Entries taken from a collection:
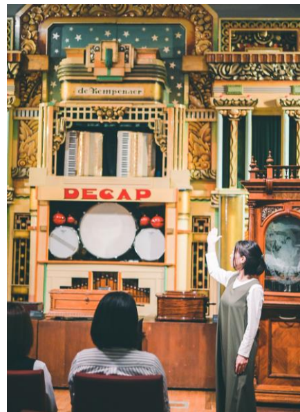
コンサートルームの様子

【時 間】 10:00～17:00 ※コンサートルーム内の見学は16:30まで。
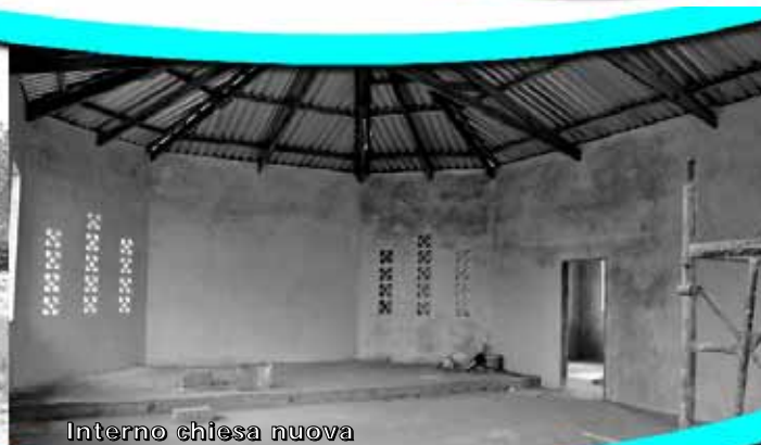
Interno chiesa nuova

Alla fine di novembre abbiamo potuto verificare di persona e documentare con foto, la realizzazione di due dei tre progetti che Noi per Gli Altri e Caritas avevano programmato alla fine del 2008 per l'Africa:
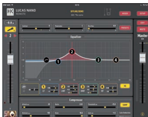
Im Expertenmodus lässt sich deutlich detaillierter am Sound schrauben
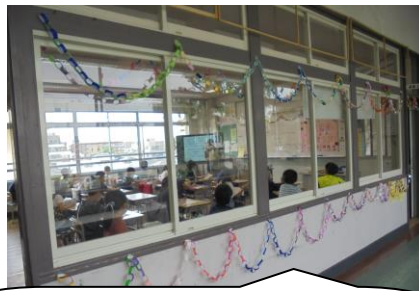
4年生に今日から新しい友達が転入しました。みんなで朝から飾り付けをして歓迎の気持ちを表していました。ステキ♥
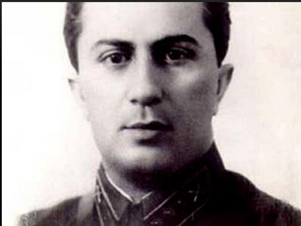
Яков Джугашвили, старший сын Сталина, от первого брака с Екатериной
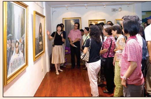
台北真善忍美展(第七版)
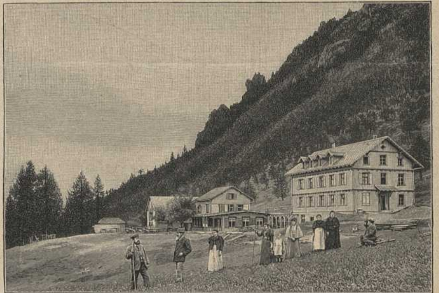
Kurhaus Gastei bei Vaduz.
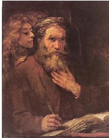
'De evangelist Matteüs en de engel' Rembrandt van Rijn

Leest u weer met mij mee? Ook nu verheug ik me erop!
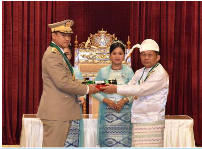
နိုင်ငံတော်စီမံအုပ်ချုပ်ရေးကောင်စီဥက္ကဋ္ဌ နိုင်ငံတော်ဝန်ကြီးချုပ် ဗိုလ်ချုပ်မှူးကြီး သတိုးမဟာသရေစည်သူ သတိုးသီရိသုဓမ္မမင်းအောင်လှိုင် ဇေယျကျော်ထင်ဘွဲ့ရရှိသည့် ကာကွယ်ရေးဝန်ကြီးဌာနမှ ဗိုလ်ချုပ်မိုးမြင့်ဆွေအား ဂုဏ်ထူးဆောင်ဘွဲ့ ချီးမြှင့်အပ်နှင်းစဉ်။

အောင်မြင်နိုင်မည်ဖြစ်ကြောင်းထိုသို့ ဂုဏ်ပြုလျက်ရှိကြောင်း။ ဆောင်ရွက်ကြရာတွင် သာမန်အဆင့် အေးချမ်းသာယာပြီးခေတ်မီဖွံ့ဖြိုး ထက်သာလွန်သည့် လုံ့လ၊ ဝီရိယ၊ တိုးတက်သည့် နိုင်ငံတော်ကိုတည် ခြောက်စွာ ဆောင်ရွက်ခဲ့ကြသည့် ဆောက်ရာတွင် စွမ်းစွမ်းတစ်ဆောင် မြောက်စွာ ဆောင်ရွက်ခဲ့ကြသည့် ရွက်ကြသည့်ပုဂ္ဂိုလ်များ၊ အမျိုးသား ပုဂ္ဂိုလ်များလည်းရှိနေသည်ကိုတွေ့ရ ရေးမှုဝါဒဖြစ်သည့် ဒို့တာဝန်အရေး သည့်အတွက် ဝမ်းသာဂုဏ်ယူမိ သုံးပါးကို ကာကွယ်စောင့်ရှောက်ရာ တွင် သက်စွန့်ကြိုးပမ်းဆောင်ရွက် ကြသည့် ပုဂ္ဂိုလ်များ၊ ရပ်ရွာအေးချမ်း နှီးဆောင်မှုနှင့်အတူ စိတ်ရော သာယာရေးနှင့် တရားဥပဒေစိုးမိုး ကိုယ်ပါနှစ်မြှုပ်ပြီး မိမိတတ်စွမ်းသမျှ တွင် နိုင်ငံတော်အစိုးရ အသိပညာ၊ အတတ်ပညာများနှင့် နိုင်ငံတော်ဖြစ်ပေါ်လာစေရေးအတွက် နိုင်ငံရေး၊စီးပွားရေး၊လူမှုရေးဦးတည် ချက်များနှင့်အညီ ထူးခြားစွာ ရေးနေနှင့်ထူးနေမြတ်အခါသမယ အားထုတ် ကြိုးပမ်းဆောင်ရွက်ကြ များတွင်ထိုက်သင့်သည့် ဂုဏ်ထူး သည့် ပုဂ္ဂိုလ်များ၊ နိုင်ငံတကာ ဆက်ဆံရေးနယ်ပယ်တွင် သံတမန် ဆက်ဆံရေးနယ်ပယ်တွင် သံတမန်
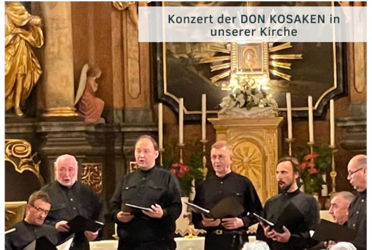
Konzert der DON KOSAKEN in unserer Kirche
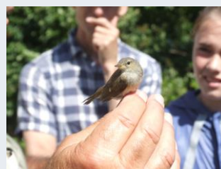
Fugl, der skal ringmærkes
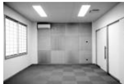
和風テイストを取り込んだクラブ室

ネーターを加えて色や材料の選定を行ったことで、細かいところにも配慮の行き届いた、カラダに優しい、これまでにない新しいデザインのいこいの家となりました。
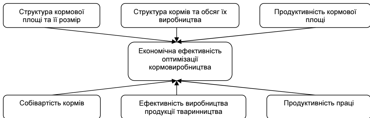
Рис. 2. Схема показників економічної ефективності кормовиробництва

Проте, рівень інтенсивності кормовиробництва залежить не лише від урожайності. Суттєвий вплив на нього має структура кормової площі. Тому, не применшуючи значення агробіологічних чинників, важливим напрямом інтенсифікації кормовиробництва є його оптимізація, яка враховує комплекс чинників і заходів у галузі (рис. 2).
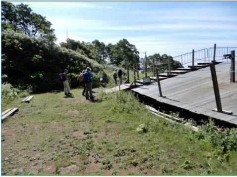
網張リフト終点 (標高約1,325m)
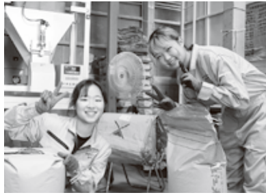
▲「名前刺繍入りのつなぎが嬉しい！」
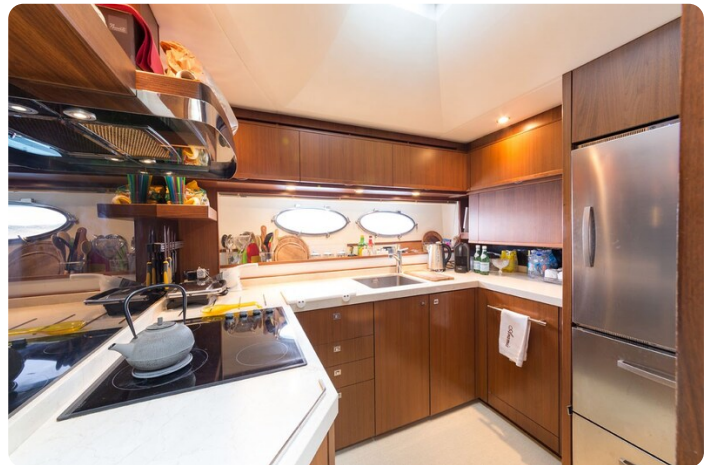
Princess V78 galley
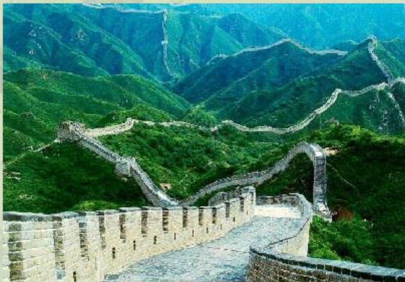
Великая Китайская стена.
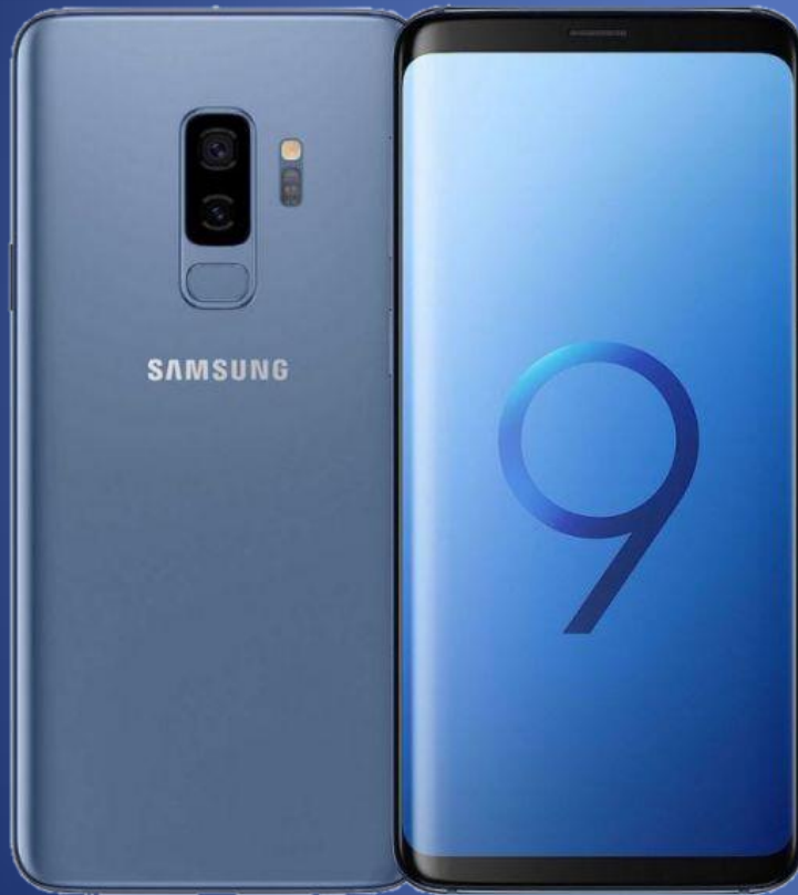
Color: negro gris y lila
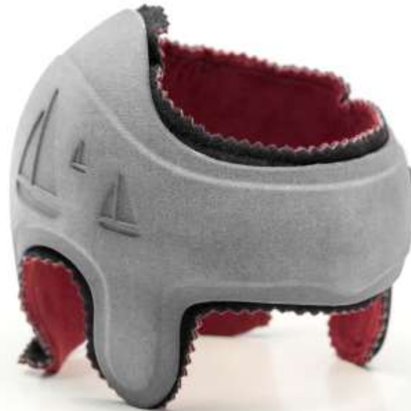
Casque Chabloz Plagio
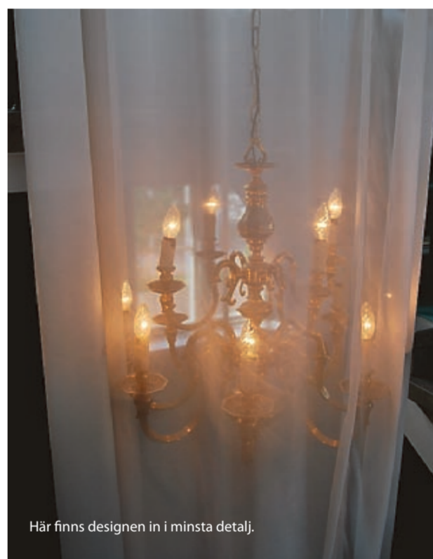
Här finns designen in i minsta detalj.
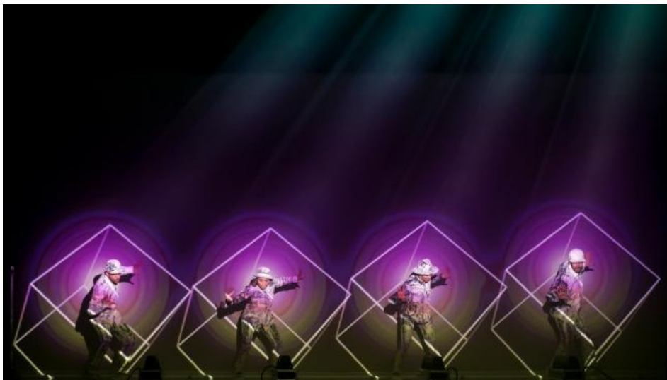
Imagen de uno de los espectáculos de Danza a Escena DANZA A ESCENA

'Danza a Escena', el circuito de impulso a la danza promovido por el INAEM y desarrollado por La Red Española de Teatros, Auditorios, Circuitos y Festivales de titularidad pública, regresará un año más a los teatros de la Región de Murcia.
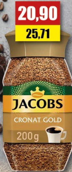
JACOBS GOLD; rozpuszczalna; 200 g
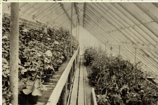
「妙華園」の温室で栽培された西洋植物などの花々は銀座などの当時最先端の街で売られたほか、地方の園芸家の熱心な要望に応えた通信販売も行われていました。
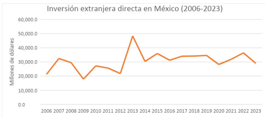
Ilustración 1: inversión Extranjera Directa

Las siguientes ilustraciones son con respecto a la recaudación de impuesto y es información recabada de la página oficial INEGI y se aprecia que año tras año la recaudación ha ido en aumento.

Exercise goal:
Each line from the start of the entries to the line holding "Kurhaus Gastei bei Vaduz." is to be given again exactly, both ends included, and each picture is to be left out.

Response below:
コンサートルームの様子

【時 間】 10:00～17:00 ※コンサートルーム内の見学は16:30まで。
Interno chiesa nuova

Alla fine di novembre abbiamo potuto verificare di persona e documentare con foto, la realizzazione di due dei tre progetti che Noi per Gli Altri e Caritas avevano programmato alla fine del 2008 per l'Africa:
Im Expertenmodus lässt sich deutlich detaillierter am Sound schrauben
4年生に今日から新しい友達が転入しました。みんなで朝から飾り付けをして歓迎の気持ちを表していました。ステキ♥
Яков Джугашвили, старший сын Сталина, от первого брака с Екатериной
台北真善忍美展(第七版)
Kurhaus Gastei bei Vaduz.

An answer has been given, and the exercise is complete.